Photo by Kai Bienert
Composer Bernhard Lang throws Schubert for a loop in this month’s MaerzMusik festival at the Haus der Berliner Festspiele Mar 11-19.
Using classical instruments and all kinds of electronic gadgets, Lang has long experimented with repetitive patterns, most prominently in his Monadology series of meta-compositions which recycle and remix original scores from music history. As part of MaerzMusik, Lang will perform his 32nd Monadology, The Cold Trip, a rendition of Franz Schubert’s song cycle Winterreise (Winter Journey). Prior to his concert on March 13, we spoke to the composer about his fascination with loops.
How does Winterreise behave in a loop?
Very well. For one thing, loops were already inherent in Schubert’s characteristic and innovative piano accompaniment technique. The rhythmic components of his piano patterns are sometimes even compared to minimal music. Also the circularity of his harmonics, always returning to the starting point, but then breaking out of this circle to cause confusion. Basically, he’s behaving cyclically; not linear like Beethoven.
Doesn't a loop imply an endless winter? How horrible.
Whether you ever arrive on the Winterreise is a question of interpretation. If you look at the conditions under which Schubert created the Winterreise – and according to himself – it’s a journey towards death. In that sense, the finality is present, but the journey’s destinations are brought up in the middle already. It’s more of a winter maze, and it wouldn't be as exciting if it had been composed linearly. It'd be like following the 24 stations of the cross and going home satisfied after Jesus's crucifixion at number 24.
Does repetition help in understanding and finding structure?

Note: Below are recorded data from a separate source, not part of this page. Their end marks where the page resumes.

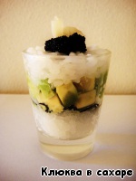 Номер три: мелко нарезанное авокадо. Сверху — немного чёрной икры мойвы и листочек маринованного имбиря.
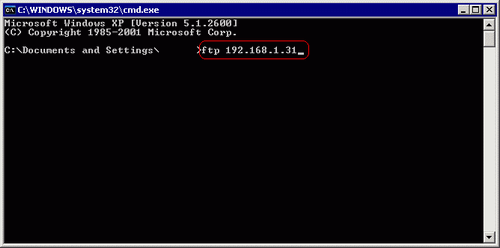 在命令提示符中输入“ftp”、空格和FTP服务器的IP地址(在本例中是“192.168.1.31”) ,然后按回车键。
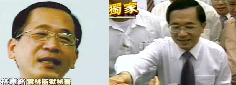 長相酷似陳水扁的人叫林憲銘,媒體曝光此事時他任臺灣云林縣第二監(jiān)秘書。從畫面上看,林憲銘的發(fā)型、眼鏡、笑容和神態(tài),都和陳水扁有9成相似。實際生活中的他比陳水扁頭發(fā)少,身材高。

All one-dimensional interpretations of repetitive structures surely miss the mark – like the old Adorno ones, which really are denunciating and polemic. In Difference and Repetition, Deleuze wonderfully describes how walking on this terrain is very complex. It transitions from tranquilising to terrorising, from enlightening to encrypting. People get in a trance praying the rosary or listening to techno music, but if you tell your girlfriend “I love you” 200 times, she won’t be happy about it after a while. These are different situations.
Your Monadology series is reminiscent of Burroughs' cut-up technique.
He was sort of a father figure. I read the first Burroughs texts in the mid-1970s, including his theoretical writings on ‘cut-up’ and ‘fold-in’, where he says that the repetition of sound material via loops changes reality. He surely was the initial spark for all these techniques; the idea of never leaving any kind of given material intact. It's also part of destructivism, which creates new contexts out of destruction. My work is a critical reaction to the claim of original music creation, this dreadful repetitive culture which we are in right now, this recycling of the dead. What classical music has come up with since the end of the Second World War... it fuels destructive impulses in me. To solve this in a composition is a way of creating something positive from destruction – hopefully.
Can you relate to current club music?
There’s an interesting club scene in Vienna, and I check out concerts on a regular basis. I’m mostly drawn to the weird ones, which we have plenty of. I try to see turntable artists whenever I can, because they work with the music archive as well. All these techniques, looping and scratching, I adopted from them. It’s still a great source of inspiration. I remember when I listened to experimental techno bands with extremely exciting arrangements in the 1990s. You could have turned their music into written compositions. Back then it was also just the niche that interested me – the subculture within the subculture...
THE COLD TRIP PTS. 1 AND 2 March 13, 21:00 | Haus der Berliner Festspiele, Schaperstr. 24, Wilmersdorf, U-Bhf Spichernstr.